In a letter released this week, the U.S. Department of Justice (DOJ) informed Wisconsin that its publicly-funded private school voucher program must comply with the Americans with Disabilities Act. In its letter, DOJ reminded Wisconsin that the state's "obligation to eliminate discrimination against students with disabilities is not obviated by the fact that the schools participating in the program are private secular and religious schools."
DOJ's letter came in response to a June 2011 complaint from the ACLU, the ACLU of Wisconsin, and Disability Rights Wisconsin, alleging that the state's program was violating the rights of students with disabilities by excluding most of them from the voucher program.
Milwaukee has been operating the country's oldest voucher or "school choice" program, for twenty years, and the program was recently expanded to other Wisconsin cities. Very few students with disabilities in Milwaukee use private school vouchers, either because they perceive that the program is only for non-disabled students or because the schools themselves counsel children with disabilities out of the program. This has had the effect of segregating students with disabilities in the Milwaukee Public Schools, while cannibalizing the district's resources through the diversion of money from the public schools to private institutions. Voucher programs, and to some extent, tax credit laws, which use public dollars for private education are becoming more popular in recent years.
There are now 20 states and the District of Columbia with either a tax credit for parents of students attending private schools, or voucher programs like the one in Wisconsin that give a student a taxpayer-funded voucher worth a certain amount – in this case approximately $6,500 -- to pay private school tuition. These programs are touted as giving poor students, often in so-called "failing districts," the same "choice" that wealthy students have. The problem is that these programs do not give poor students much choice at all.
Publicly-funded voucher programs have the effect of setting up a separate escape hatch for only a few, leaving the majority of the poor students in schools that are even less likely to succeed than they were before the voucher program or tax credit began. Furthermore, the private schools that spring up to educate a child for $6,500 are producing results that are no better than the public school district – in Milwaukee, for example, three years of comparison test scores show they are performing worse than the public system. We also know that the Milwaukee parents who take advantage of these programs tend to have higher education levels and children without disabilities, leaving the public school district with a higher percentage of children with disabilities and parents with less education. There are few checks in place to ensure that all of the schools accepting vouchers are more than glorified day care providing convenient hours for parents.
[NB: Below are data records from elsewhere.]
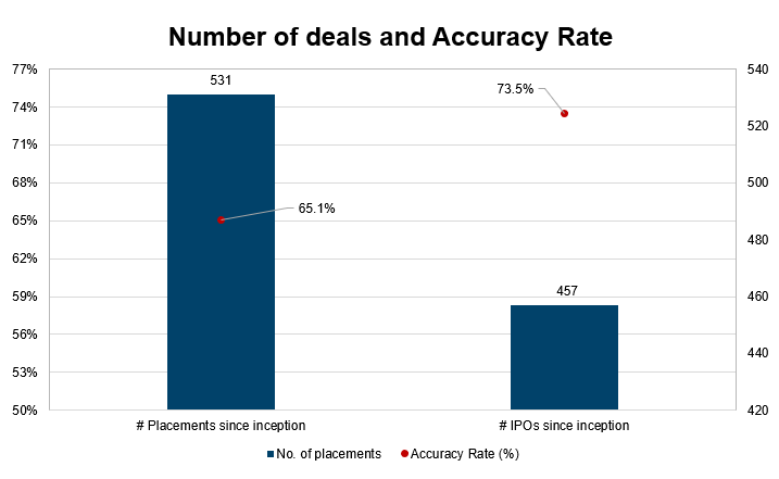 Our overall accuracy rate is 73.5% for IPOs and 65.1% for Placements
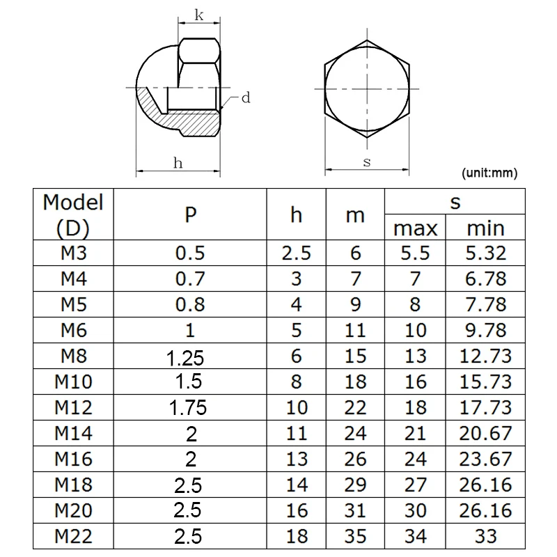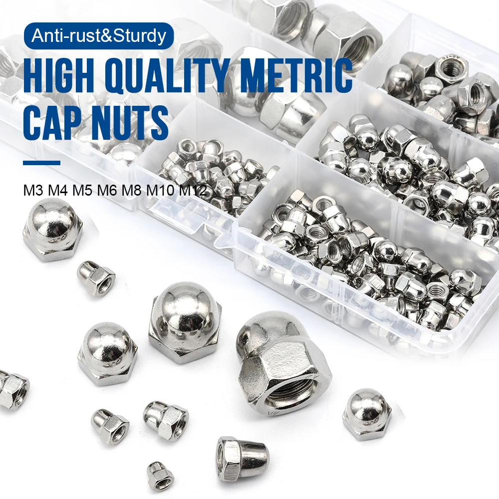 Набор гаек nindjin, 190 шт., шестигранная купольная гайка из нержавеющей стали, M3 M4 M5 M6 M8 M10 M12
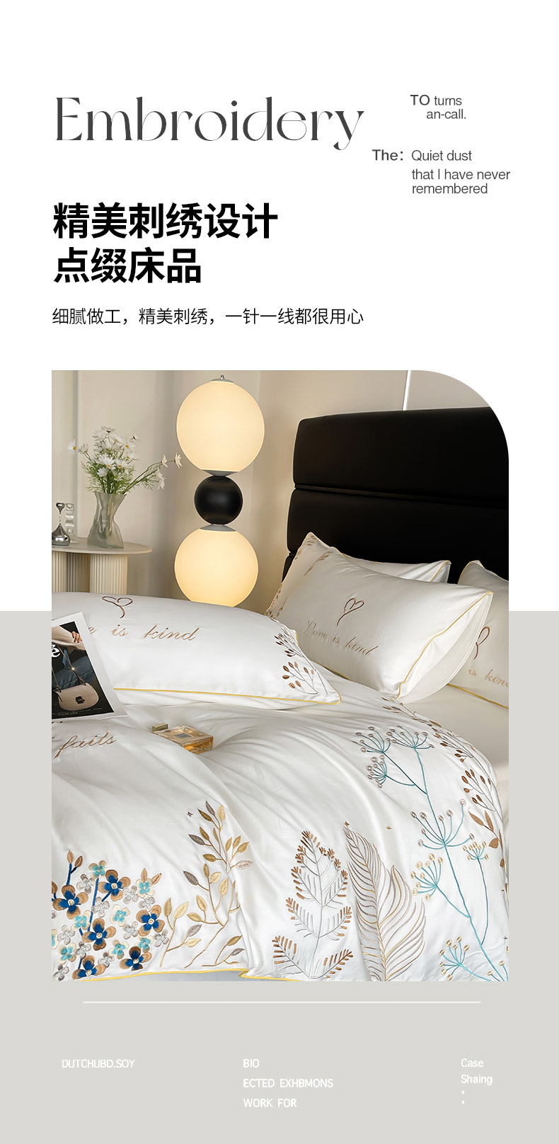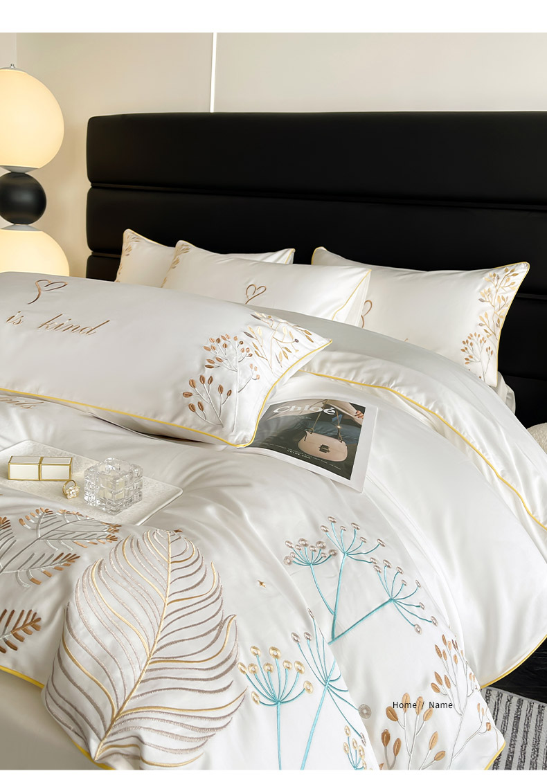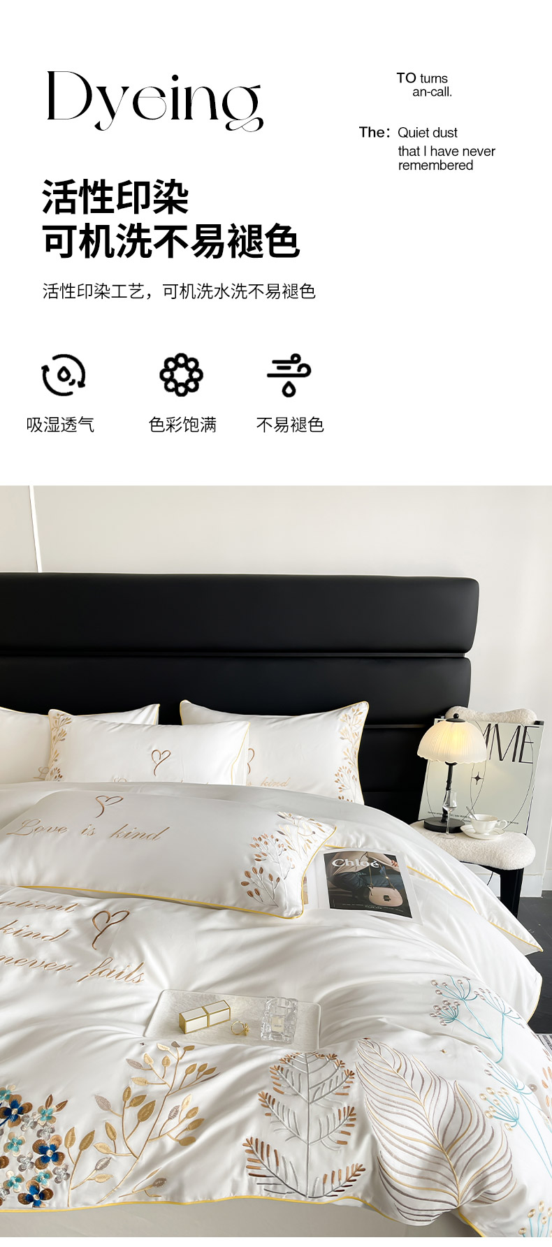 商品名称: 2024新款100支长绒棉四件套全棉纯棉重工刺绣天丝棉床单床笠款丝滑裸睡床上用品 菲洛拉-典雅白
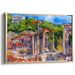 Introducing 'Timeless Echoes Amidst Verdant Hues,' a mesmerizing watercolor art piece that immerses viewers in the charm of an ancient town, capturing the allure of classical architecture and the tranquility of historical remnants. This captivating artwork portrays a detailed old town bustling with life, with its central focus on grand columns and arches that whisper tales of a storied past.
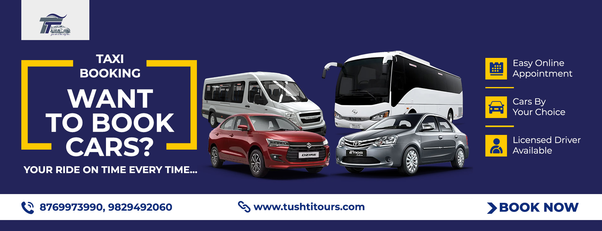 Booking with *Tushti Tours* is effortless. Visit [www.tushtitours.com](https://www.tushtitours.com) to choose your preferred car, or contact us directly for quick assistance.
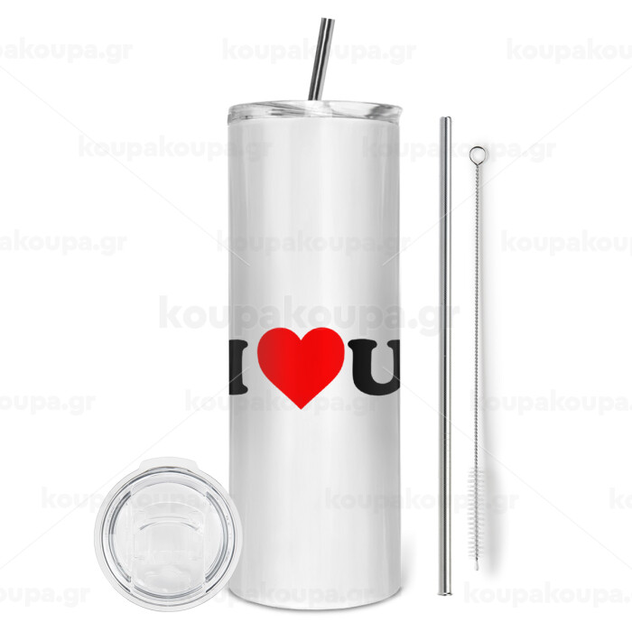 I ❤️ U, Tumbler ποτήρι θερμό από ανοξείδωτο ατσάλι 600ml, με μεταλλικό καλαμάκι & βούρτσα καθαρισμού
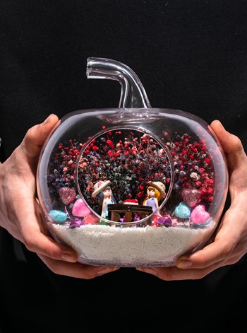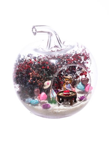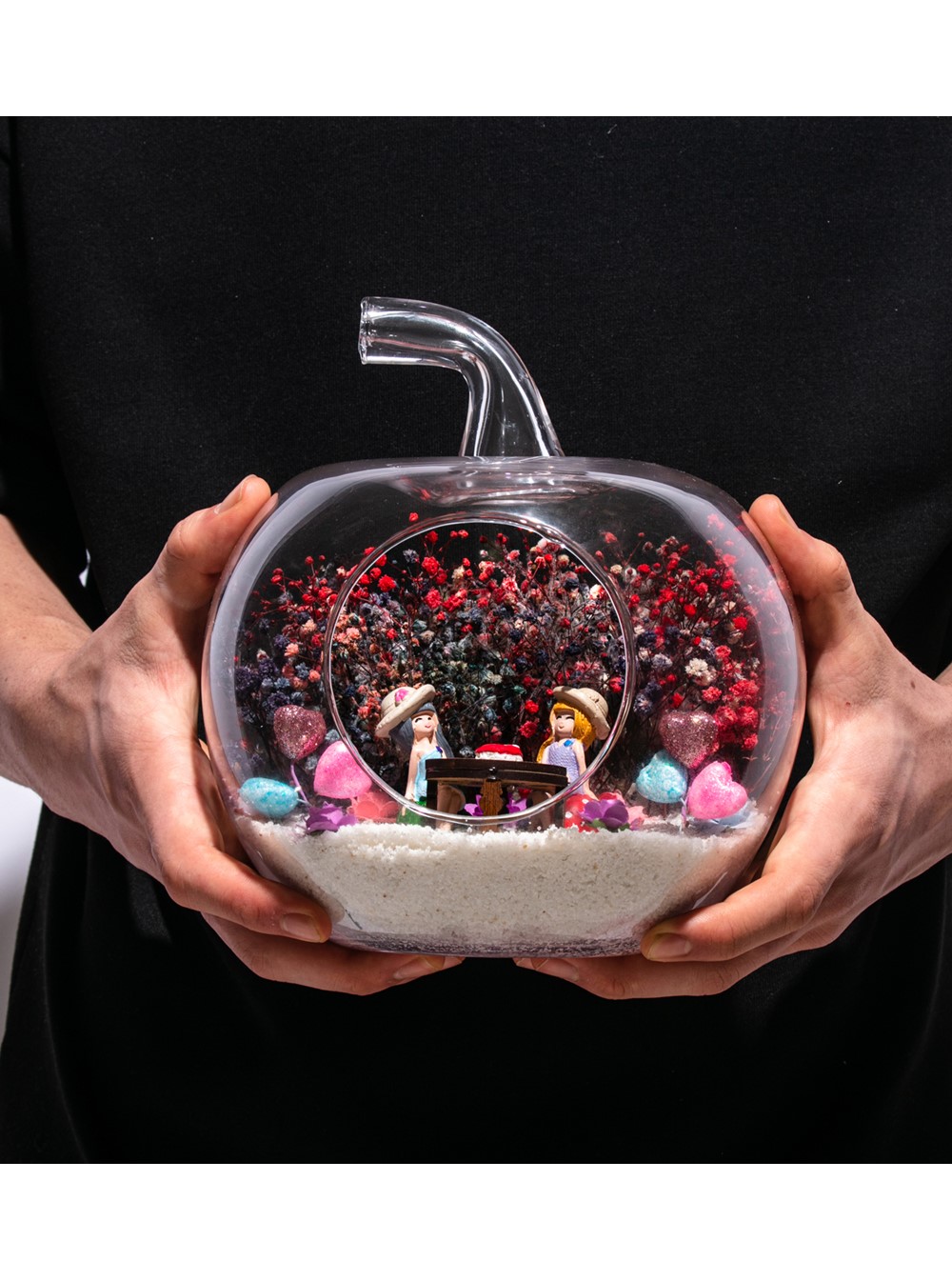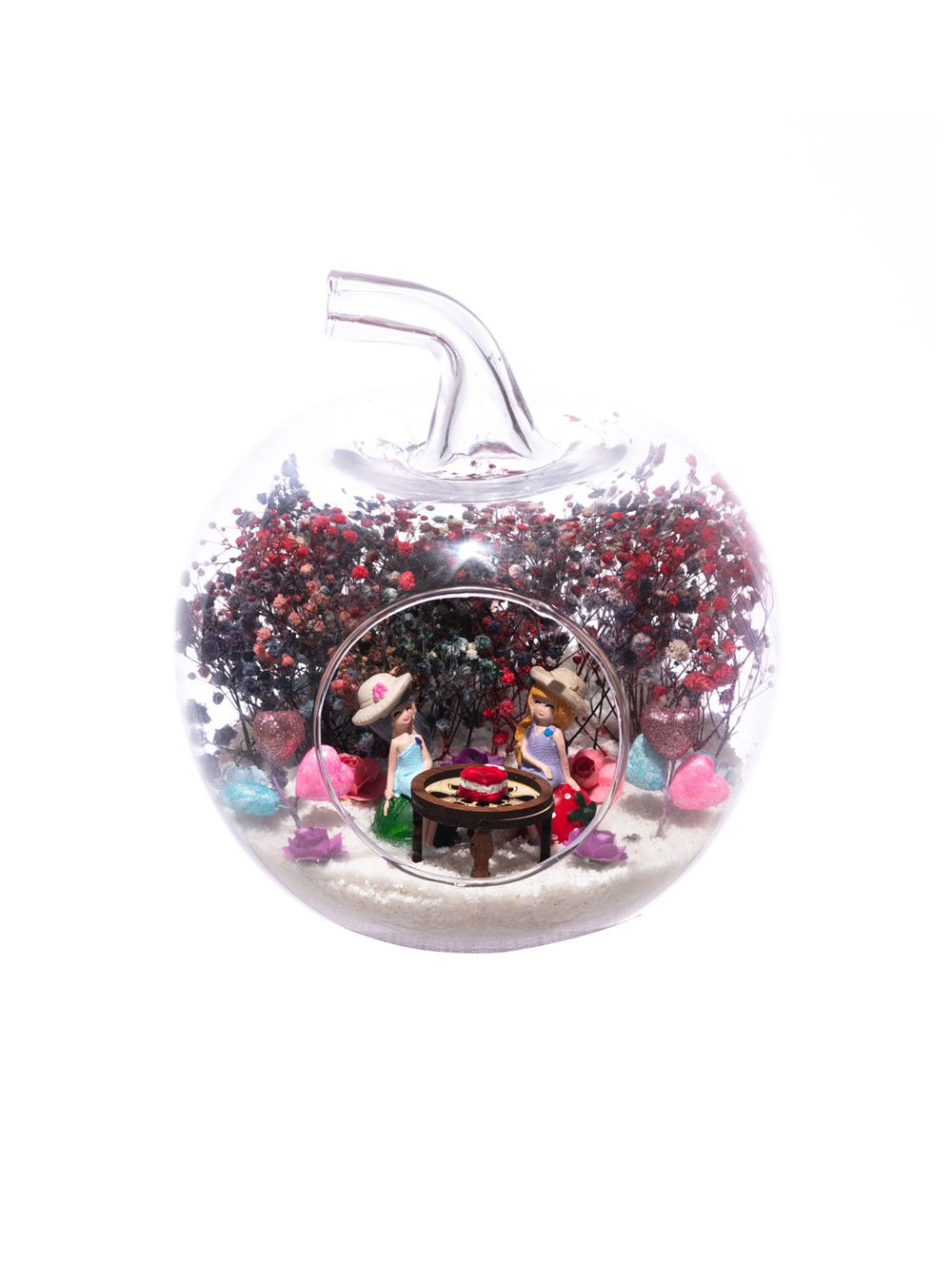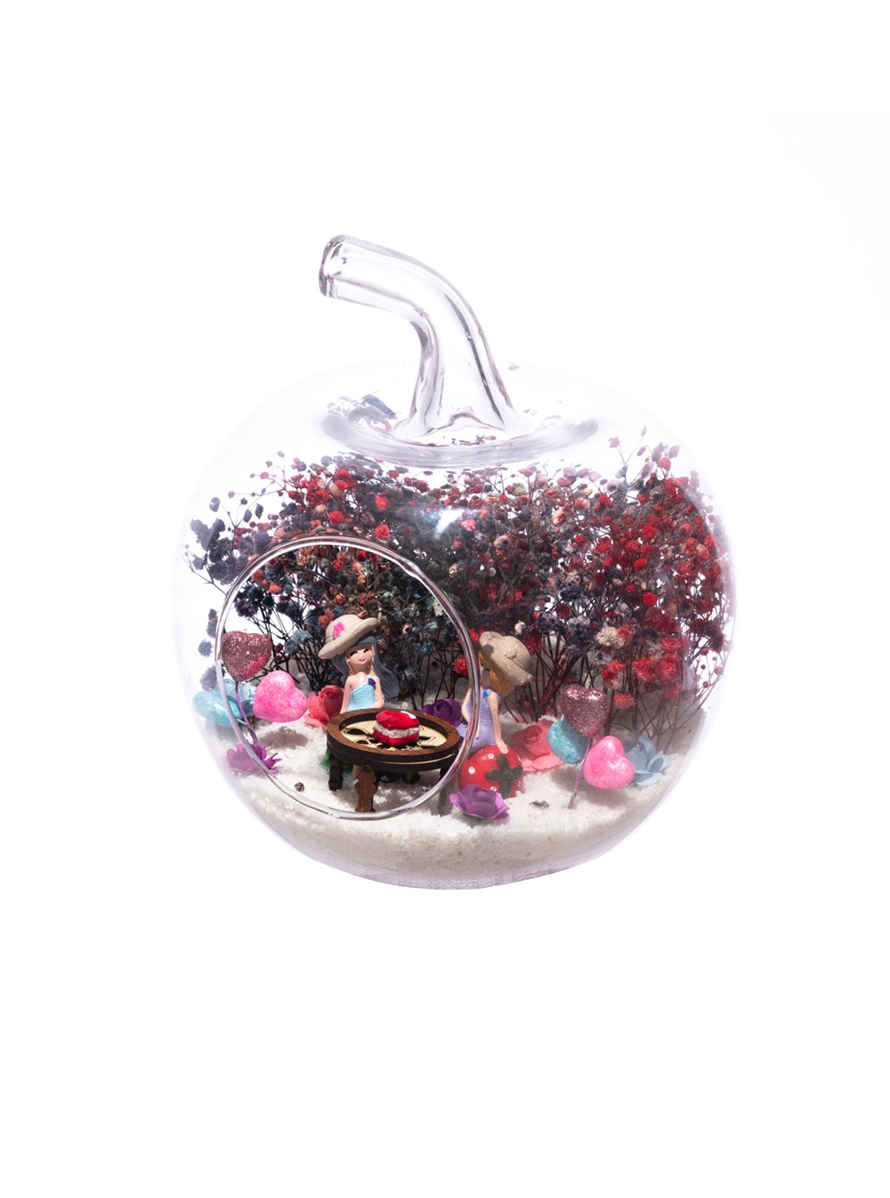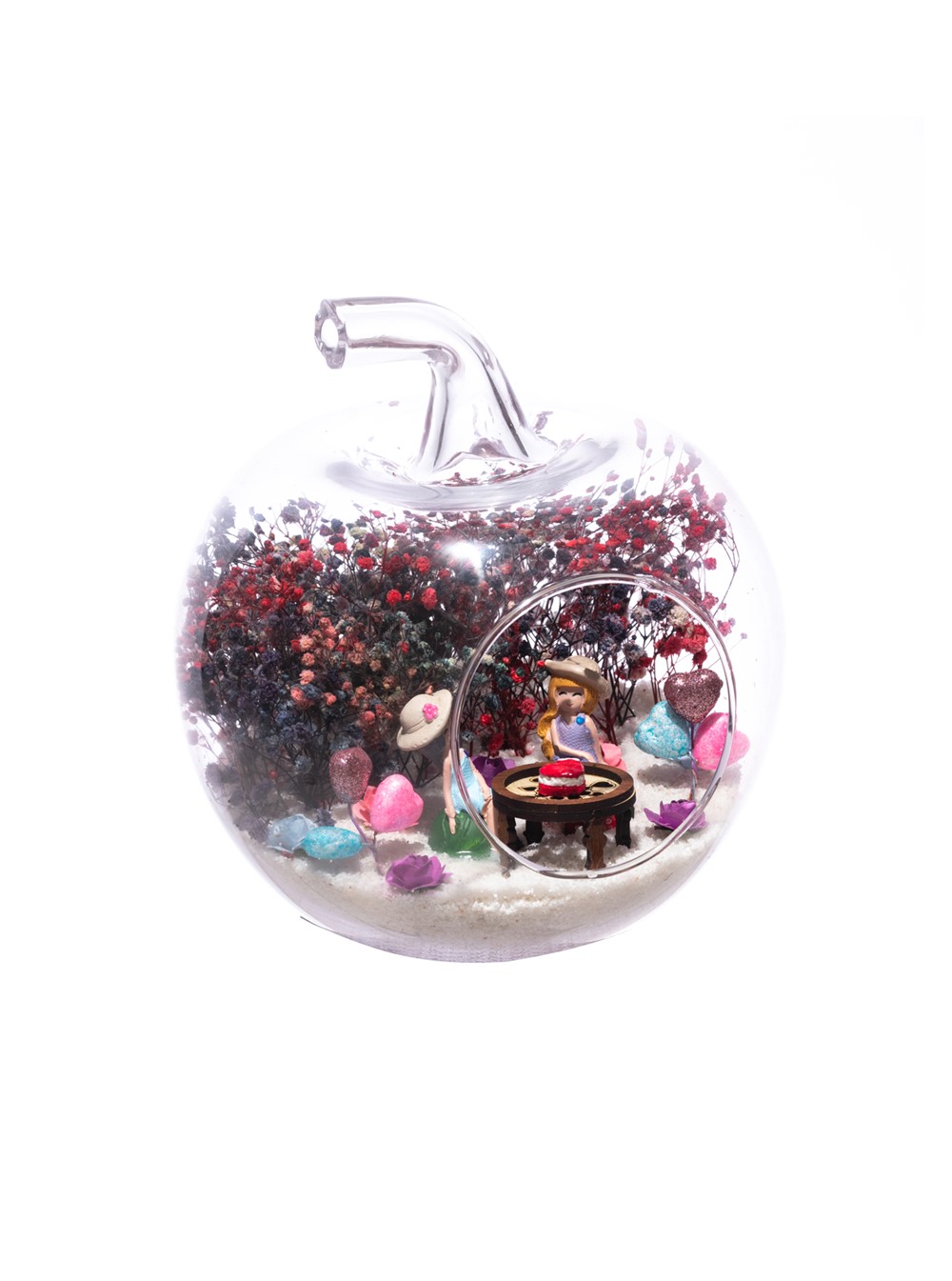 Küçük boy elma cam fanus içerisinde tasarladığımız bu çok güzel teraryum; beyaz kum, karışık renkli kurutulmuş bitkiler, renkli simli kalpler, renkli yapay mini güller, bir adet otantik ahşap, üzerinde pastasıyla doğum günü masası ve iki adet genç kadını simgeleyen objeler kullanılarak tamamlanmıştır. Ev ve ofis ortamlarının tamamında sergilenebilir teraryumun içinde, kurutulmuş bitkiler bulunduğundan hava alması önemlidir. Açık olan kısmının kapatılmaması veya büfe vb. kapalı alanlara konulmaması gereklidir. Özellikle her ortamda yıllarca, zevkle izlenebilecek özel bir teraryumdur. Yaklaşık Ölçüleri: 20x20cm NOT: Teraryumlarda kullanılan camlar, üfleme cam işçiliğiyle üretildiğinden bazı detaylarda farklılıklar gözlenebilir. Örneğin, sap kısmı ve ağız bitiş noktalarının her biri kendine özgüdür.

On top of that, some private schools in states like Georgia and Alabama, where tax credits have recently been put into place, were founded as segregation academies to thwart federal integration efforts. While the program in Milwaukee and its school district serve almost entirely students of color, as "school choice" spreads around the country, the stage is set for these programs to become even more exclusionary and segregated. We know this because Milwaukee's voucher program already excludes students with disabilities and segregates them into the public school district while at the same time stripping the district of much needed funds to educate them. If we permit this to continue, we are condoning separate schools for a number of groups of students, including racial minorities, students with disabilities, religious minorities and LGBT students. What we have known for the fifty years since Brown v. Board of Education is that separate is not equal. School voucher programs and tax credits do not provide a choice for everyone. They create publicly funded separate schools. However, DOJ's investigation and demand to Wisconsin is a step in the direction of ensuring that states are not permitted to create a civil rights vacuum by delegating public education to private schools.